Dans un milieu comme le corps humain, le pH (ou potentiel hydrogène) mesure la basicité ou l’acidité. Il sert ainsi d’indicateur pour les changements physiologiques tels qu’une inflammation. Réussir à rendre des composés réactifs à des gammes de pH données permettrait une délivrance plus précise et ciblée des médicaments dans l’organisme. Dans le cas de l’arthrite, qui consiste en une inflammation des articulations et qui touche plus de 600 millions de personnes dans le monde, il serait par exemple possible d’imaginer la conception d’un « cartilage artificiel ». Le traitement, désormais continu, améliorerait sensiblement l’efficacité des médicaments censés soulager la douleur et combattre l’inflammation. C’est dans cette optique que des chercheurs de l’université de Cambridge (Angleterre), menés par Stephen J. K. O’Neill, ont travaillé sur un nouveau matériau spongieux. Ses caractéristiques sont décrites plus en détail dans le Journal of the American Chemical Society en date du 8 septembre 2025.

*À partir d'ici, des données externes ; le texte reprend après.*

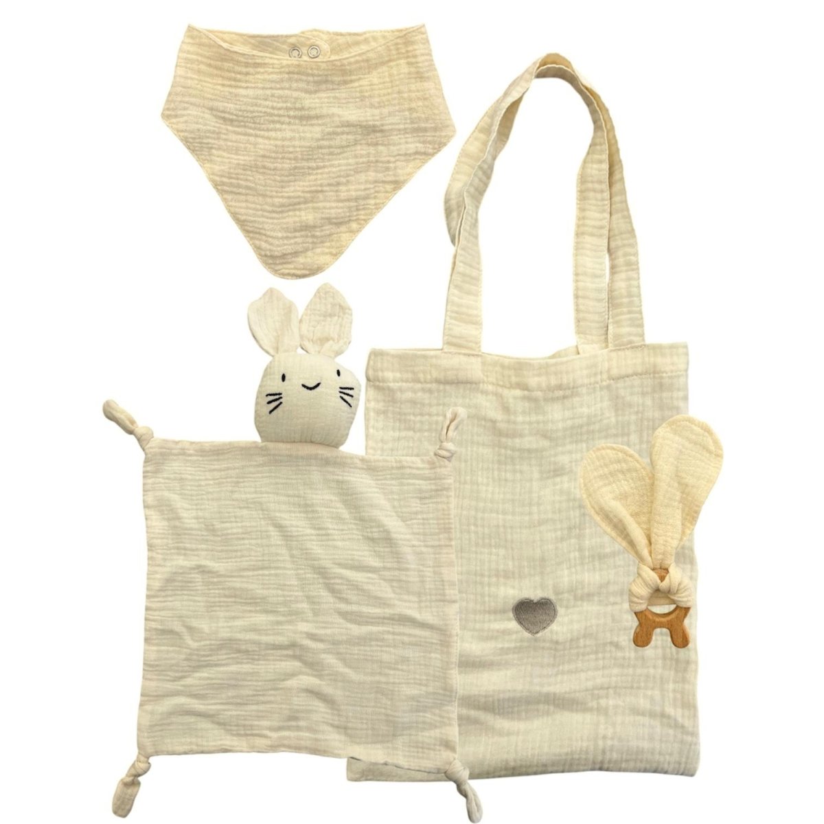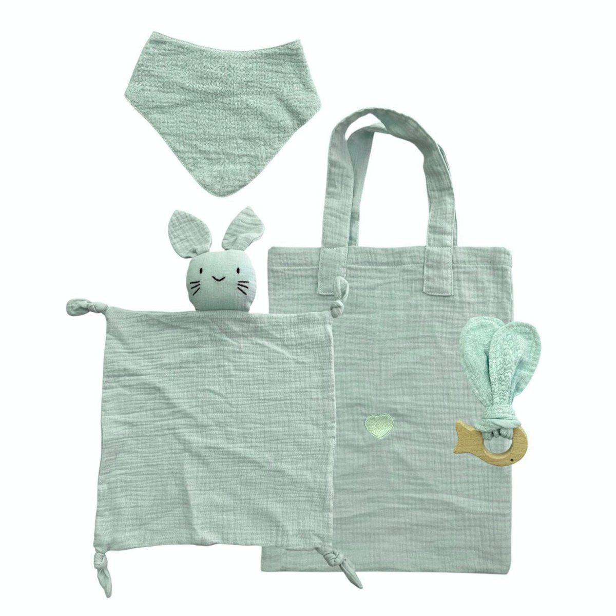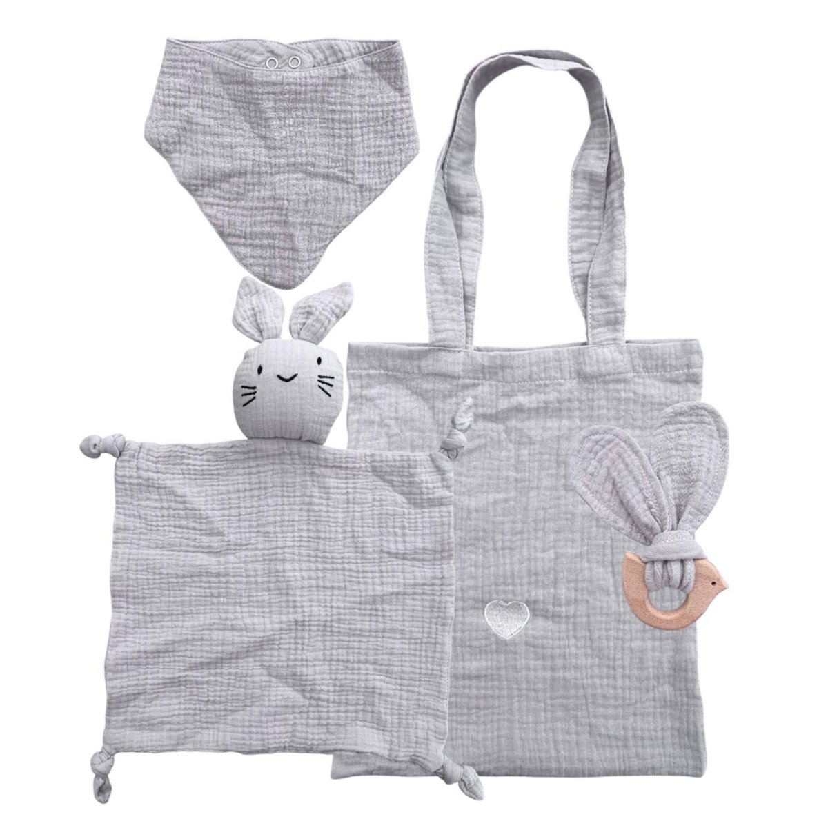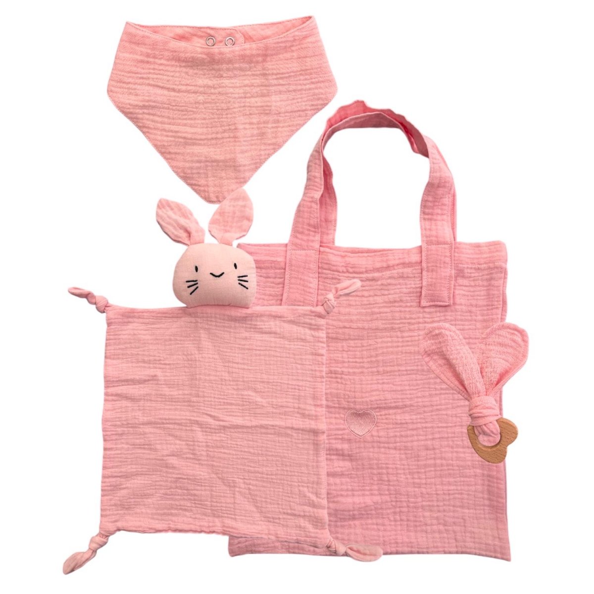 Set borsa, dou dou, bavetta e anello dentizione in legno massaggiagengive

Un « cartilage artificiel » en citrouille
L’équipe de recherche anglaise visait à obtenir un matériau capable de ressentir d’infimes changements corporels, telle une inflammation arthritique. Le but étant que le médicament relâche ses principes actifs aux meilleurs endroit et moment possibles. Pour ce faire, les scientifiques sont partis de cucurbituriles. Ces molécules macrocycliques sont formées d’unités de glycolurile [=C4H2N4O2=] et tiennent leur nom de leur apparence proche d’une citrouille (appartenant à la famille des cucurbitacées). Elles sont d’intérêt dans la chimie des complexes hôte-invité, où plusieurs molécules se retrouvent maintenues ensemble par d’autres forces que les liaisons covalentes – des échanges d’électrons. Ici, le lien est établi par un verrouillage cinétique sensible au pH ambiant. Or durant un épisode d’inflammation arthritique, l’articulation concernée devient enflammée et son acidité augmente légèrement par rapport au tissu environnant.

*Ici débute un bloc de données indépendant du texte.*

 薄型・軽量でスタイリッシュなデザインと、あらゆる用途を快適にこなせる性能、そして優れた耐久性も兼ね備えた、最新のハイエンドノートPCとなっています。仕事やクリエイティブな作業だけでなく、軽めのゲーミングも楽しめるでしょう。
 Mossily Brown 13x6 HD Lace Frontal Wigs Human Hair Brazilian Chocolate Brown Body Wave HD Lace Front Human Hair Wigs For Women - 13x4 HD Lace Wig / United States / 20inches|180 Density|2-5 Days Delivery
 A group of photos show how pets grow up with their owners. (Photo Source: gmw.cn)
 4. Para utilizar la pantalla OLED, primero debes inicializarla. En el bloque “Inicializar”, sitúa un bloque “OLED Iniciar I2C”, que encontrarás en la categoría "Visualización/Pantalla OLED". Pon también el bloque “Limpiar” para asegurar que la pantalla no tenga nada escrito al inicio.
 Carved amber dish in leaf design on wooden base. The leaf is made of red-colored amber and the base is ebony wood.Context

En réponse, le matériau spongieux devient quant à lui plus mou avec une apparence proche de la gelée. Est alors déclenché le relargage des molécules médicamenteuses encapsulées dans sa structure. Le matériau étant conçu de sorte à ne réagir que dans une étroite bande de valeurs de pH (4,5 à 7,5), les principes actifs peuvent agir en une localisation et un temps opportuns, réduisant potentiellement les effets secondaires. En laboratoire, des tests imitant le fonctionnement réel du mécanisme avec de la teinture fluorescente ont permis de mettre en évidence un relargage médicamenteux plus important en présence d’une acidité-type d’une articulation arthritique que pour une acidité-type d’une articulation saine. Des tests cliniques supplémentaires restent à réaliser avant de passer à de vrais patients dans le futur.